To OP. Yes low and slow. If you want medium rare, pull it out about 10 degrees below what you consider medium rare. Residual heat will bring it right on the money.
Posted on 6/2/11 at 12:38 pm to BlackenedOut
quote:
Ways to cook prime rib are like opinions and hence assholes.
Go to a Butcher at any decent grocery store (does not have to be a whole foods). Tell him hoe many people you are cooking for. He'll cut you or have ready a prime rib that fits your needs. You probably want what is called a "Standing Rib Roast".
I like to coat mine in a paste of rosemary, salt, garlic, pepper that I pulse in the food processor. Rub this all over the meat. Place a meat thermometer into thickest part of meat. I like to cook mine in a low oven (250 degrees) until the thermometer reads 125 or so. Take it out let it rest. Then carve.

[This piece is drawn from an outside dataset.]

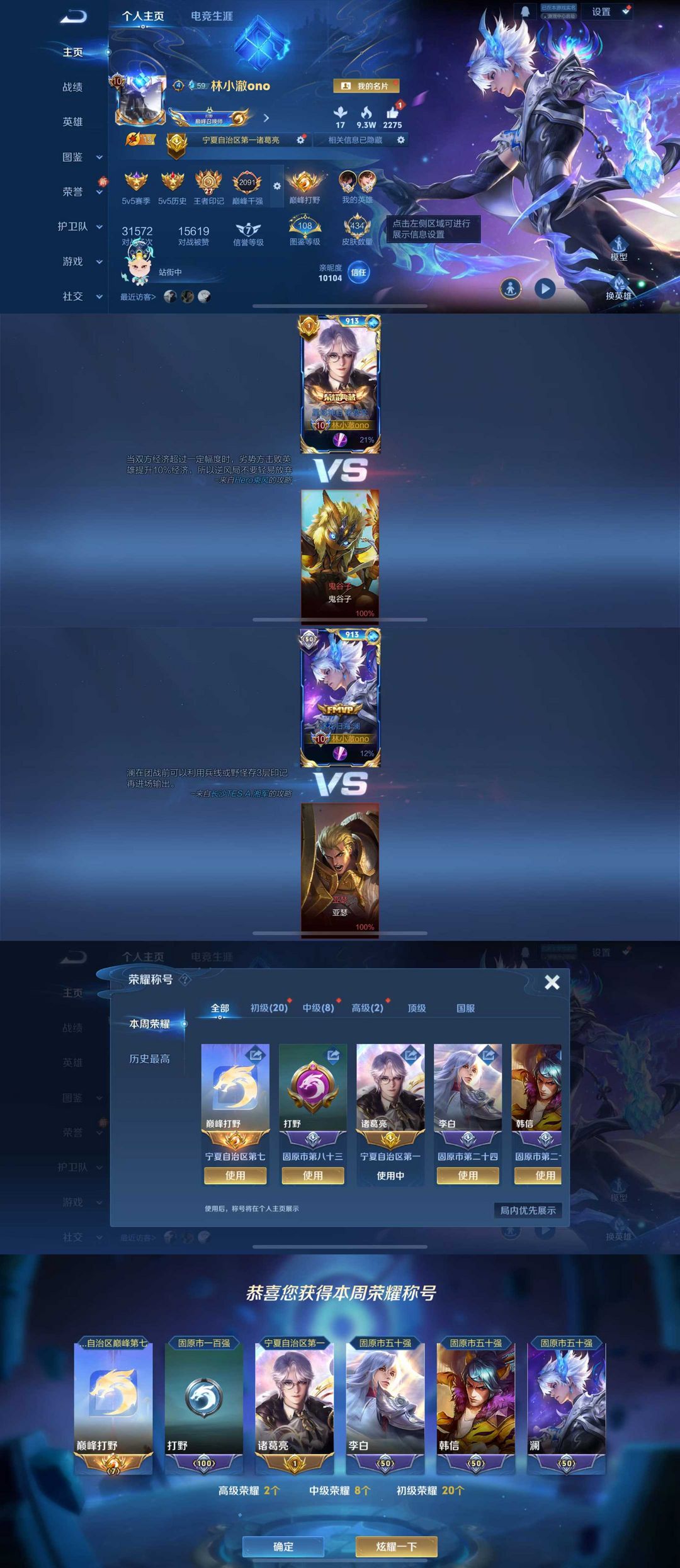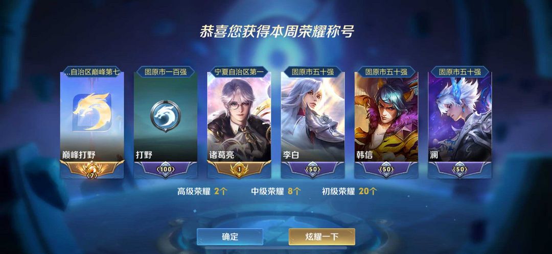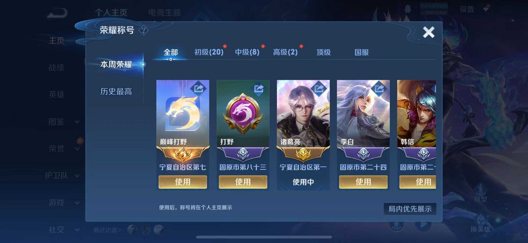 【本周打野巅峰千强九百名♥在榜省标诸葛亮】闪电框♥韩信火舞无双梅西♥巅峰相框♥蛇年全年限♥不可巅峰

While resting you can make a pretty nice sauce with the pan drippings by just adding some wine, stock, and butter.
There are other ways but just treat it like you would barbecue i.e. low and slow.
I would recommend watching this:
Good Eats: Standing Rib Roast 1
Good Eats: Standing Rib Roast 2
I have done several using this method, minus the 3 day aging and the ceramic pot, and it came out AWESOME!
Make sure you get a Digital Probe Thermometer .
Posted on 6/2/11 at 1:36 pm to cheeriopiss
quote:
Cook uncovered at 500 degrees for 4 minutes per pound.Turn oven off. Then let it sit in the oven for 2 hours (Do Not Open Oven).
THIS is gospel. Remember these words!!!!